What should have happened in this case? The patient comes in for the stress test, the supervising doctor gives a preliminary read of the stress ECG, and I would have called her the next day with the imaging results.

It is dumb, inefficient and borders on the anger-inducing to have an uninformed profit conflicted corporation making decisions on patient care that in this case increased the cost of care. Did the insurance company have a previous doctor-patient relationship, or did they discuss the symptoms with her?

Always pointing out problems, and never suggesting solutions gets old, so I will not perpetually drone on about the inadequacies of our present day delivery system.

To me, good answers usually come in simplification.

I am often slow to understand things, so someone explain why paying an internal medicine doctor, cardiologist or surgeon cannot be like the treatment plan for my root canal specialist — in which he swipes my credit card for $950 for a 45 minute procedure. No business office, no rejections of payments and no uniformed constraints are placed on the endodontist. Yes, it seems expensive, but the tooth hurt, then it didn’t, and he went to school, studied hard and learned an important skill that enhanced my life.

Yes, I know health care costs for hospitalizations get catastrophic quickly, so obviously there is a role for insurance of some type. I get this. But why does 93651 — the code for catheter ablation — which takes longer than a root canal to do, way longer to learn, and is far more dangerous to the patient pay $300 less? Additionally, cardiologists have to hire a business office to file the paperwork, and appeal the frequent rejections.

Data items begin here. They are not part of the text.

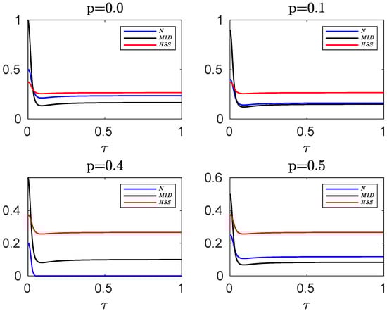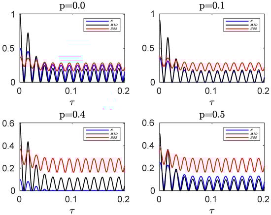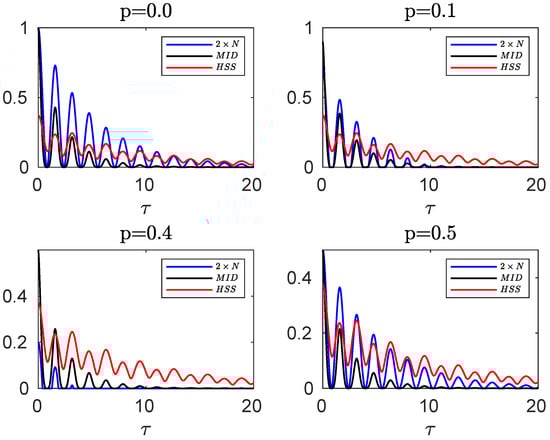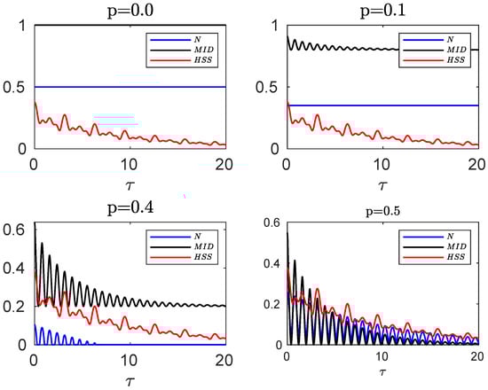 In Figure 3, we compare the evolution of HSS, obtained from the initial pure state of Equation (25), with the dynamics of negativity and MID, computed for the mixed initial state of Equation (15), for different values of p. The dynamics of the HSS is again in perfect agreement with that observed for the entanglement and quantum correlations as quantified by the negativity and MID, respectively. Therefore, the HSS-based witness, computed versus the phase parameter encoded into an initial pure state of the system, can efficiently detect the non-Markovian dynamics even in the case when the initial state of our high-dimensional system is not pure. It should be noted that in the presence of sudden death of entanglement, which occurs for some values of the entanglement parameter (for example, for ), only the HSS and MID show the same dynamics. Hence, the negativity cannot be used as a faithful witness of non-Markovianity when it exhibits the sudden death phenomenon.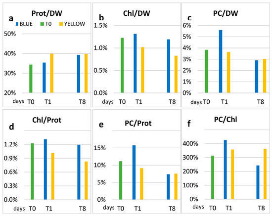 At T8, the PC/DW and PC/Prot ratios are similar in yellow and blue light, as expected by literature [51]. Also, in the PC/Chl ratio, the highest value at T1 is in blue light (Figure 7f). Our results are not unique, since an increase in phycocyanin in Spirulina exposed to blue light was observed also by Chen et al. [41], who did not comment on this result.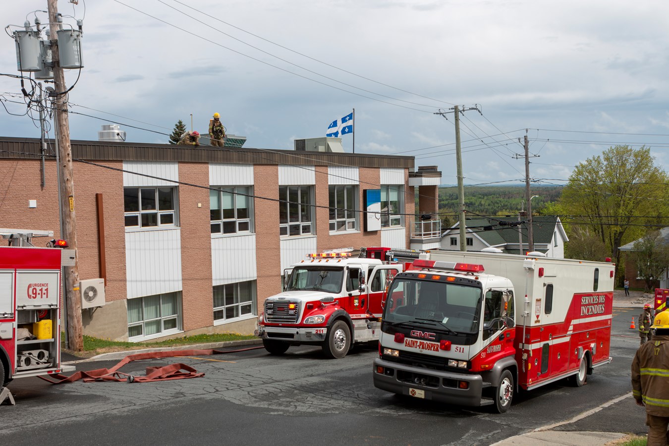 Le lendemain, c’était le tour du Service incendie de Saint-Prosper en collaboration avec le Service incendie de Saint-Zacharie et celui de Sainte-Aurélie, de mettre en pratique leurs compétences. Malheureusement, les exercices se sont vite terminés pour devenir une vraie opération, car une alarme avait été envoyée.

Seems that a starting point would be to make healthcare more like real economics.

Also, like I learned by paying $950 for a preventable dental problem, patients who pay the doctor with a Visa card are surely more prone to discover the benefits of healthy living behaviors.

I better stop.

ADVERTISEMENT

John Mandrola is a cardiologist who blogs at Dr John M.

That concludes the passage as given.